One such nonequilibrium process is life itself, maintained at the molecular level by molecular motors determining the finely tuned kinetics of the cell. Molecular motors are responsible of essential life processes such as vesicle transport or cell division [15, 26], and the synthesis of ATP [31]. Notwithstanding the strong fluctuations these molecular complexes display, it is of central importance to understand the efficiency molecular motors operate.

Another instance in which efficiency plays a central role is that of processing in modern computers. On the one hand, every computation involves an energetic thermodynamic cost. On the other hand, due to the miniaturisation of computer processors, modern transistors operate at scales at which stochastic thermodynamics applies. However, scaling of computer transistors presents nowadays technological challenges, mostly related to the increase in dissipation, thus limiting the scaling up in the number of transistors and therefore, the possible optimisation of the speed of computation [22]. This calls for the development of highly efficient computing processes that operate at minimal dissipation.

A fundamental process for computers is that of memory erasure. The minimal amount of energy required to erase a bit of memory is given by the celebrated Landauer limit [17], stating an energetic lower bound of \(k_\mathrm {B}T \ln 2\), where T is the temperature and \(k_\mathrm {B}\) the Boltzmann constant. This energy is eventually dissipated into the environment as heat. The Landauer limit is achieved when the erasure of a bit occurs along a quasistatic process.
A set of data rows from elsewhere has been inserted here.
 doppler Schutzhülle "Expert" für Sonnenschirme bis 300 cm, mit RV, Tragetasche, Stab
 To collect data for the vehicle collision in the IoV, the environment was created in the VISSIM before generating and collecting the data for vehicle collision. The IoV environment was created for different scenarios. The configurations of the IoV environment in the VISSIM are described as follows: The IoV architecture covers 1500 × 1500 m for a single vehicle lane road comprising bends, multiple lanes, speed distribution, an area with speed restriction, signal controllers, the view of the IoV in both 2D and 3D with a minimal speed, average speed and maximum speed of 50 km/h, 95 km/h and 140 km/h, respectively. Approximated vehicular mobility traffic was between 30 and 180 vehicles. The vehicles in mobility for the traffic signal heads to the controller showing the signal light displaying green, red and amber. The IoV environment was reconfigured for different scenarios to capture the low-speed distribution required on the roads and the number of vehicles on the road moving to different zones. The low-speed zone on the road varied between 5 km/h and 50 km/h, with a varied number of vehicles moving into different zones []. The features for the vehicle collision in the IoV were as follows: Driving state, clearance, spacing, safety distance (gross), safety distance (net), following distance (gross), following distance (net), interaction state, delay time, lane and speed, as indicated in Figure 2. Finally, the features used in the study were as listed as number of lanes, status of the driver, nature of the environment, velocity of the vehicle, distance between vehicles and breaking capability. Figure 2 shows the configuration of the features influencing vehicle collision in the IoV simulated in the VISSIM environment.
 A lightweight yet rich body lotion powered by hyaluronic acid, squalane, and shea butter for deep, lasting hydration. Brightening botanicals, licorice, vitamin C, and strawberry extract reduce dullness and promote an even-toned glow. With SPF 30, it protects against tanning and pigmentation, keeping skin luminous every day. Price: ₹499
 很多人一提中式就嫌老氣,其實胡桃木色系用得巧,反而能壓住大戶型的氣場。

In practice, memory swaps happen at finite short time scales in a process which is inherently noisy and out of equilibrium.

Fourteen years ago Krzysztof got interested on the mathematical formalisation of (at that time incipient area), nonequilibrium fluctuation relations [8], as well as on the Landauer limit [1].

The memory erasure process can be stated as a finite-time nonequilibrium process between an initial state at which a bit is observed to be in a specific state and a final state in which the bit is absent, and indeed the Landauer limit was experimentally verified like this [4]. In general, an external control on the nonequilibrium transition can be devised to obtain optimal processes that minimise, e.g. dissipation [2, 24]. In particular, in Ref. [2] such optimisation was shown to be solved for the Langevin dynamics in the overdamped limit by the Monge–Kantorovich optimal mass transport and the Burgers equation. This is particularly relevant in computer processing as there one searches for minimal dissipation but at the same time, fast processing.

In 2012, Krzysztof and his colleagues published a paper [1] in which they related the Landauer Principle [17] to the Monge–Kantorovich optimal mass transport. In a talk by Krzysztof in Geneva in April 2013, “2nd law of thermodynamics for fast random processes” he showed how the Landauer Principle is related to an overdamped Langevin evolution from an initial state to a different final state. In discussions with him, the question came up on how to efficiently and precisely compute the dissipated energy. There were many methods around at the time, and Krzysztof based his discussion on the papers by Benamou and Brenier [6, 7]. He also gave a sequence of 3 talks in Helsinki on this subject “Fluctuations relations in stochastic thermodynamics” where an extensive list of references can be found [13]. Since the authors of [1] restricted the discussion to 1 dimension, one can use methods from differential equations which are more precise than the methods used in that paper. This will be part of our contribution, which illustrates the breath of Krzysztof’s interests and competence. We miss him.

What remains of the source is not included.